Laboratory for Computational Sensing and Robotics Seminar: Chen Li

March 27, 2019
12 - 1pm EDT
This event is free

Who can attend?

  • General public
  • Faculty
  • Staff
  • Students

Contact

LCSR
410-516-6841

Description

Dr. Chen Li, an assistant professor of Mechanical Engineering at Johns Hopkins University, will give a talk entitled "Terradynamics of Animal and Robot Locomotion in Complex 3-D Terrain" for the Laboratory for Computational Sensing and Robotics.

Abstract:

Aero- and hydrodynamics have helped us understand how animals fly and swim and develop aerial and aquatic vehicles and robots that move through air and water rapidly, agilely, and efficiently.
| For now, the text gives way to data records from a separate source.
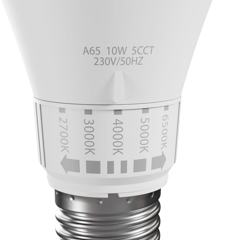 Żarówka LED GLS E-27 10W 5CCT SPECTRUM to energooszczędne źródło światła o klasycznym kształcie tradycyjnej żarówki oraz popularnym trzonku E-27. Model ten umożliwia zmianę barwy światła (CCT) w pięciu zakresach: 2700K / 3000K / 4000K / 5000K / 6500K, dzięki czemu łatwo dostosujesz oświetlenie do aktualnych potrzeb i nastroju.
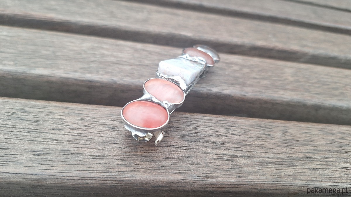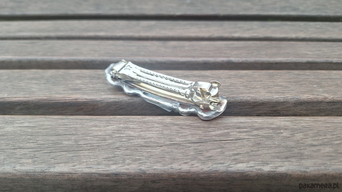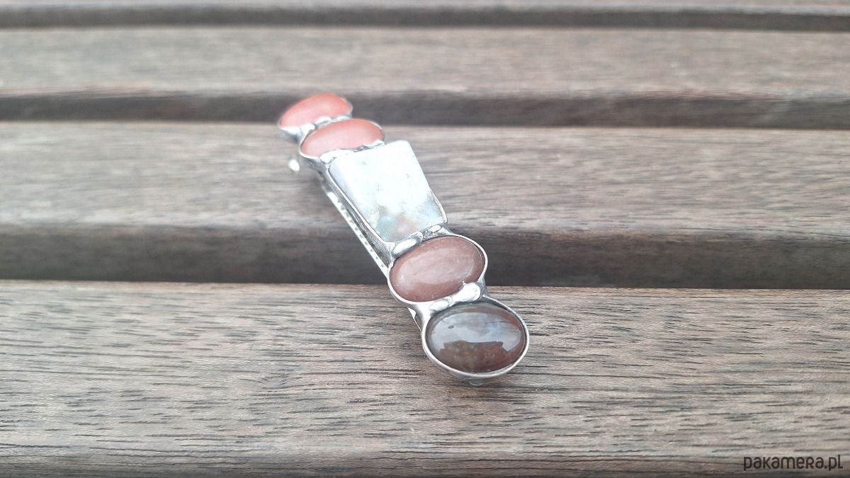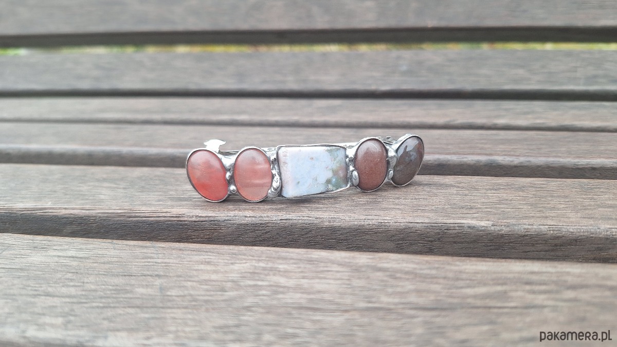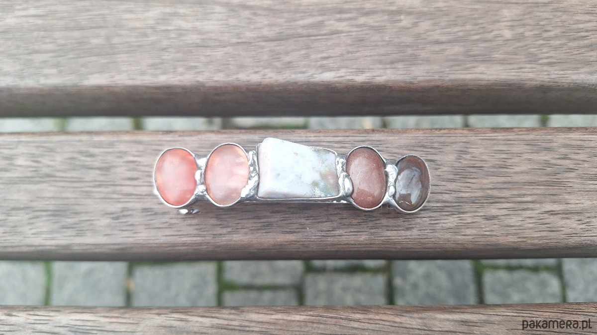 Klamra do włosów, wykonana z miedzi, cyny, kwarców, jaspisu i jadeitów. Wymiary ok. 8 na 1.7 cm. Zapięcie 6 cm, metalowe.
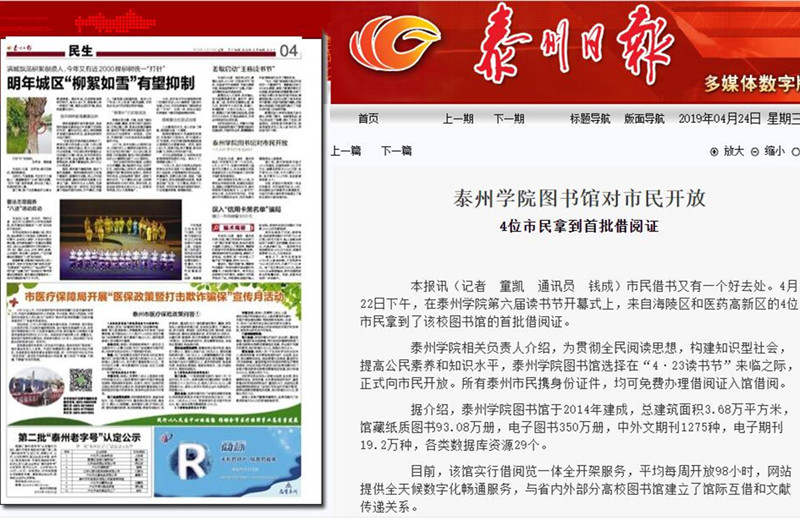 泰州日报讯 市民借书又有一个好去处。4月22日下午,在LETOU国际米兰官网第六届读书节开幕式上,来自海陵区和医药高新区的4位市民拿到了该校图书馆的首批借阅证。
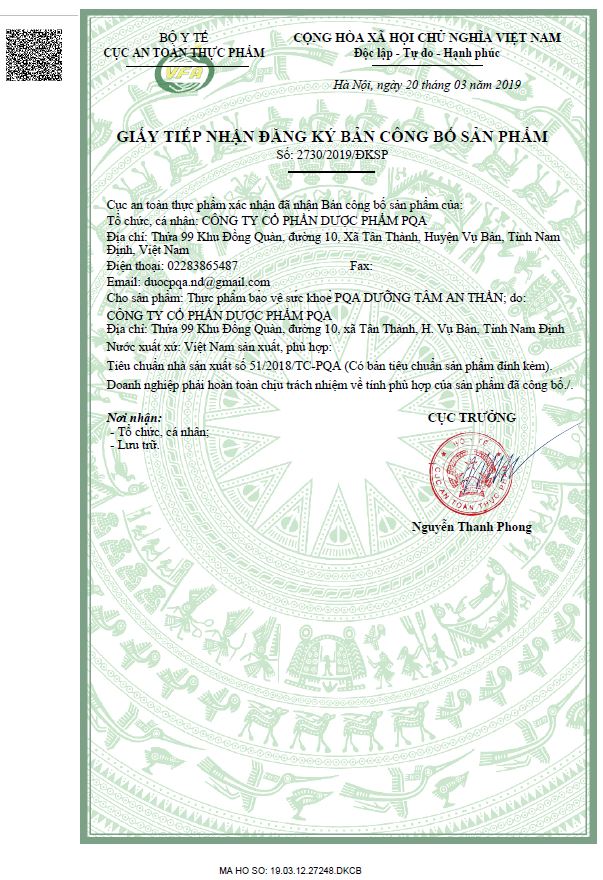 Số XNQC: 01765/2019/ATTP-XNQC
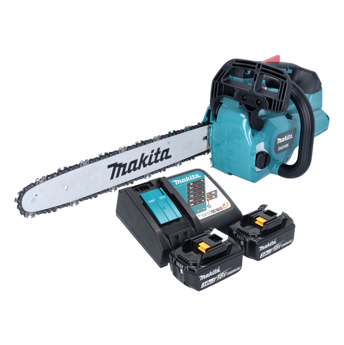 Motosierra a batería Makita DUC 406 RFB 36 V (2x 18 V) 40 cm sin escobillas + 2x batería 3,0 Ah + cargador
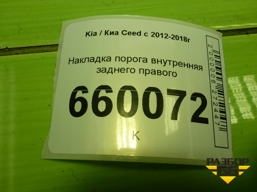 Накладка порога внутренняя заднего правого (5-ти дверный кузов) (85885A2010) для Kia Ceed с 2012-2018г (Сид 2) в Тюмени

By contrast, we know surprisingly little about how terrestrial animals move so well in natural terrain, and even the best robots still struggle in complex terrain such as earthquake rubble, cluttered buildings, forest floor, and Martian rocks, an ability required for important applications like search and rescue, structural examination, environmental monitoring, and planetary exploration.

By integrating biology, engineering, and physics studies and developing new experimental tools and theoretical models, our lab is creating the new field of terradynamics to describe complex locomotor-terrain interaction (analogous to fluid-structure interaction), and using terradynamics to better understand animal locomotion and advance robot locomotion in complex terrain.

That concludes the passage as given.